I volunteer at a soup kitchen, and one thing they emphasized during our training is that a volunteer’s time is a gift. You have to have a pipeline that translates a volunteer’s enthusiasm into action, otherwise you’re refusing to accept that gift, and that’s frustrating for the volunteer. At first, we would bring new people into our slack workspace and expected them to find their way. We realized pretty soon that having people in the slack is just the first step – you need to have a plan to retain volunteers. This became especially true as the slack workspace shot up to hundreds, sometimes thousands of messages a day. Empathize with those poor people just joining in being bombarded with way too much information!

For the technical committee, what worked well to engage new volunteers is to do a task triage. There’s a backlog of stuff that needs to be done – update the website, crank out some forms, clean up the github page, prepare the forum, etc. In a synchronous meeting, you go through the backlog and people volunteer to take on different tasks. That means your committee head needs to have tasks partly groomed beforehand. They pull up the Kanban board during the meeting and fill it in – we used quire, but Asana or even just a Google doc could work equally well. Everybody gets a chance to pitch in, and confusion about the scope of each task can be resolved during the meeting. It’s also a big team-building exercise: you get to see other people pitch in. We applied this method to build several efforts, including bootstrapping the technical team, the video editing team, the waxers team (see later), community managers, etc.
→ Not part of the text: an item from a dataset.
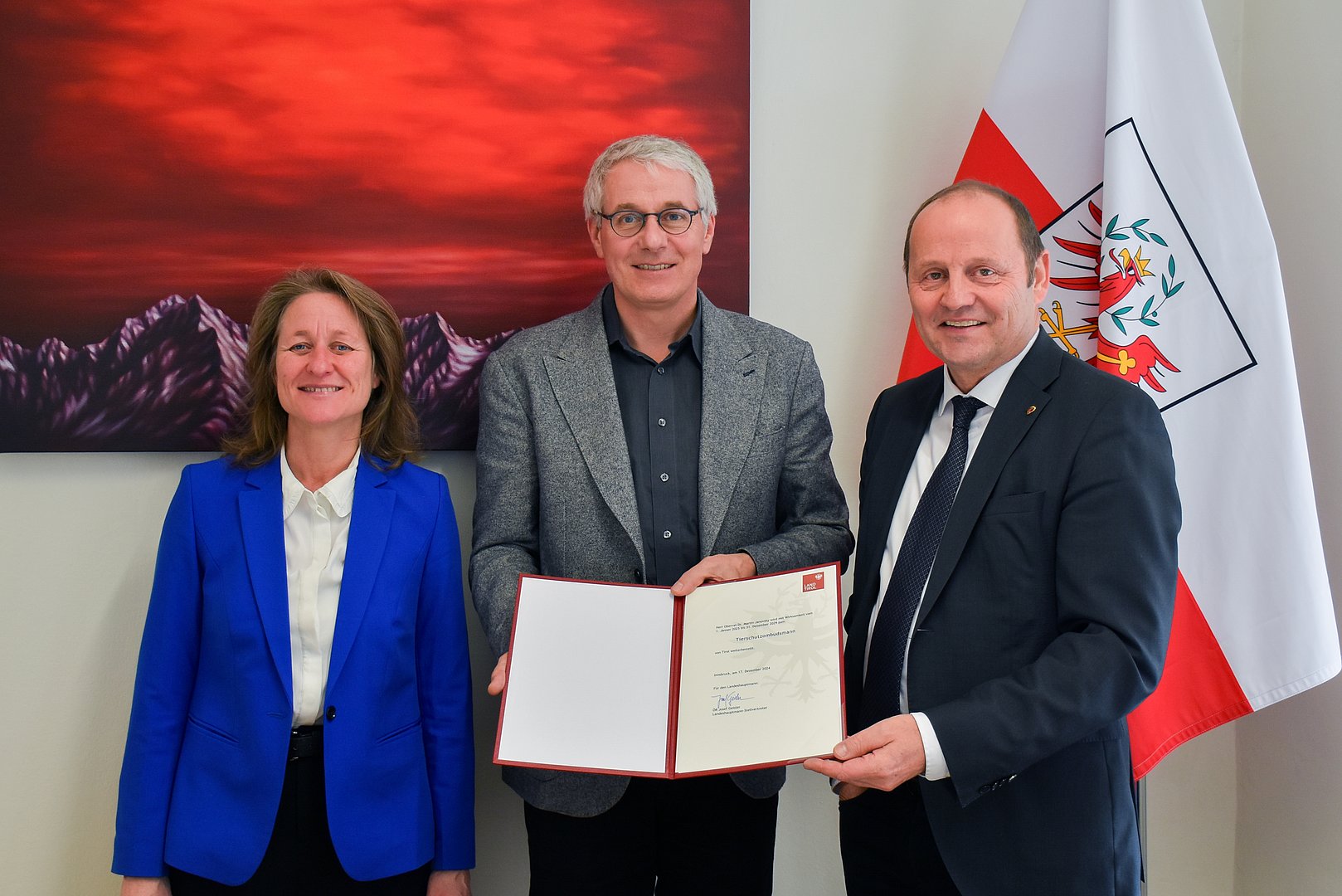 Auf Beschluss der Tiroler Landesregierung hat LHStv Josef Geisler Amtstierarzt Martin Janovsky, von der Landesveterinärdirektion, zum fünften Mal in Folge als Tierschutzombudsperson für Tirol wiederbestellt. Seine Amtszeit beginnt mit 1. Jänner 2025 und erstreckt sich über weitere fünf Jahre. Aufgabe der Tierschutzombudsperson ist es, die Interessen des Tierschutzes als Amtspartei in Verfahren nach dem Tierschutzgesetz und seit 1. Jänner 2023 auch in Verfahren nach dem Tiertransportgesetz zu vertreten. Martin Janovsky übt diese Funktion zusätzlich zu seiner Tätigkeit als Amtstierarzt aus.

If you prefer the asynchronous route, Github tasks with a good-for-first-timers tag can be useful. Regardless of the software you use, you want to embody openness: you want tasks to be done to be radically transparent and for volunteers to feel maximal agency. This is a common model for open source communities that can be fruitfully adapted to education.

Running like clockwork

Assigning tasks of different sizes and priority as a backlog grooming session is great to engage new volunteers, but you will also need to do time-sensitive tasks. For time-sensitive things, you need a Gantt chart with a detailed day-by-day breakdown of tasks to be done with somebody accountable for each task (the single-threaded owner). I was taught the arcane art of Gantt charts by my colleagues Keith and Frances at Facebook, alums of Fitbit and the Apple hardware team. Let me tell you something, if you want to get stuff done on time, somebody that knows how to ship hardware will make it happen – when you build consumer products, you have to ship them on time, no matter what.

The arcane art of the Gantt chart

For an online summer school, that means having deadlines for student admissions, TA applications, first drafts of content, second drafts of content, reviews, editing, posting on github, etc. for every single day of content. The deadlines should be visible to everybody, and the people responsible for them should be accountable. Elizabeth DuPre pointed me to this talk by the creator of Elm – in open source projects, the right culture doesn’t just happen by accident, culture happens because norms are defined and reinforced. “Deadlines matter” is a norm that is different than what most people are used to in the context of giving instruction. If you’re giving your own class, you can keep editing your slides up to 2 minutes before the class. You can’t do that at NMA – your slides will be reviewed, your video recording will be edited, your video will be captioned, etc. – if you hand in your slides late, everybody down the pipeline suffers.

If you want deadlines to matter you have to will them into existence by making them a norm inside of an organization and reinforcing that by making them visible to everybody. Keeping track of these deadlines eventually led to a daily cadence of standups, which I ran – ironic because I always hated standups in industry. Konrad once called me “a little German” for my insistence on deadlines, which is very funny since I’m almost absurdly disorganized in my personal life. Being inside of a big org is different. It’s an embodiment of a deeper principle of contractualism – we define and agree on what we owe to each other and bind ourselves to that, and that’s what defines morality within our community. The upside of that is the contract is multilateral. When we couldn’t get the ideal matching method between TAs and students to work on time, but we had a “good enough” version that was working, I could say to others that we have to ship the good enough version today, because we agreed to it; it gave me cover, even though it was an unpopular decision. That kind of clarity in planning and expectations avoids a lot of friction later on.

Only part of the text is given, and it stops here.